**Collected material:**
========================================================================

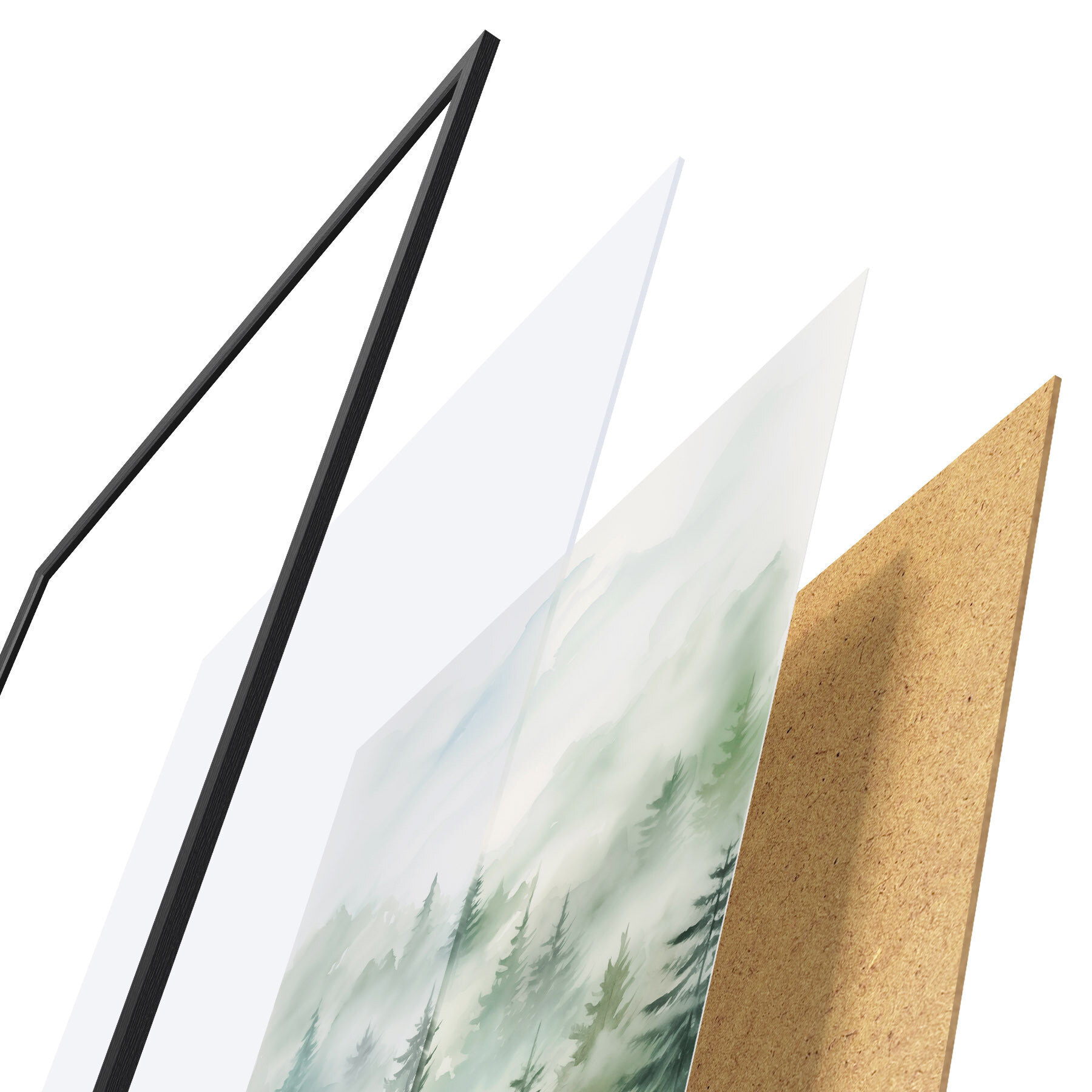 Plakát se skládá z rámu, plexiskla, tištěného obrazu a dřevotřískového podkladu. Díky úchytům na zadní straně lze plakát ihned zavěsit na zeď.
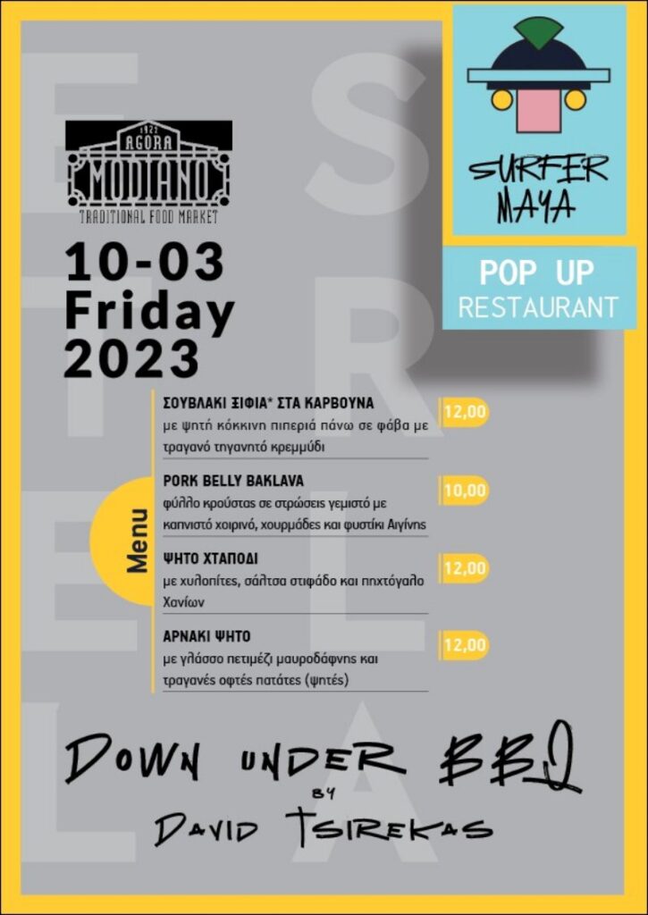 *Το Surfer Maya -το side project του ομίλου Estrella- μεταφέρεται στην Αγορά Μοδιάνο, λειτουργώντας από τις 20:00 και μετά ως pop-up βραδινό εστιατόριο στον χώρο του Estrella. Το νέο μενού του, που επιμελείται ο εξαιρετικός βραβευμένος σεφ Στέφανος Σταμίδης θα έχει ελληνική αφετηρία και κατεύθυνση with a twist -ή αλλιώς, Greek-inspired fast casual.
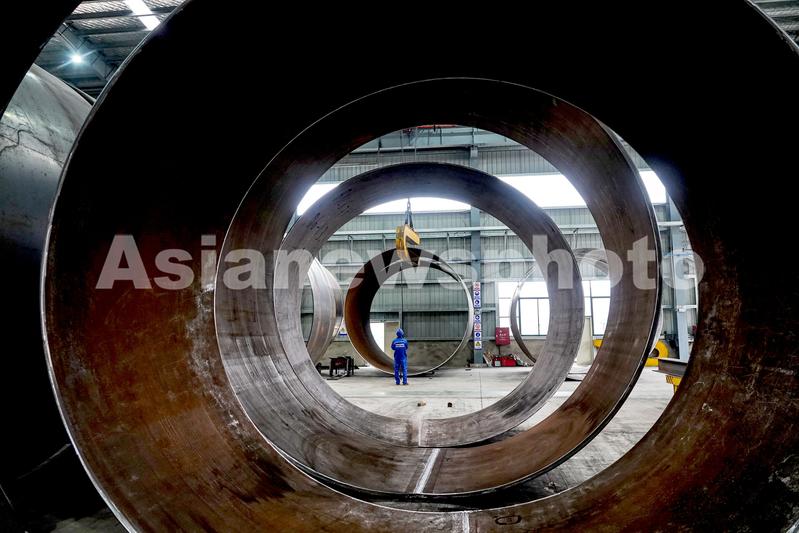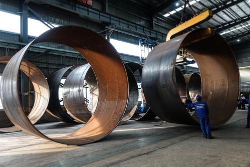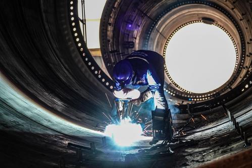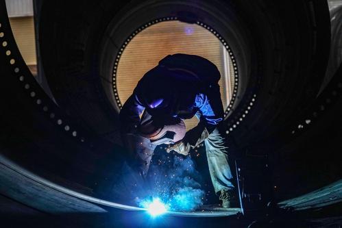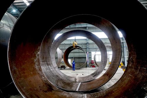 3月28日,工人在广西柳州恒嘉塔筒制造有限公司融安风机塔筒厂生产车间作业。

========================================================================

**Exercise details:**
Leaving the pictures out, output the material exactly as it appears.

**Task solution:**
 Plakát se skládá z rámu, plexiskla, tištěného obrazu a dřevotřískového podkladu. Díky úchytům na zadní straně lze plakát ihned zavěsit na zeď.
 *Το Surfer Maya -το side project του ομίλου Estrella- μεταφέρεται στην Αγορά Μοδιάνο, λειτουργώντας από τις 20:00 και μετά ως pop-up βραδινό εστιατόριο στον χώρο του Estrella. Το νέο μενού του, που επιμελείται ο εξαιρετικός βραβευμένος σεφ Στέφανος Σταμίδης θα έχει ελληνική αφετηρία και κατεύθυνση with a twist -ή αλλιώς, Greek-inspired fast casual.
 3月28日,工人在广西柳州恒嘉塔筒制造有限公司融安风机塔筒厂生产车间作业。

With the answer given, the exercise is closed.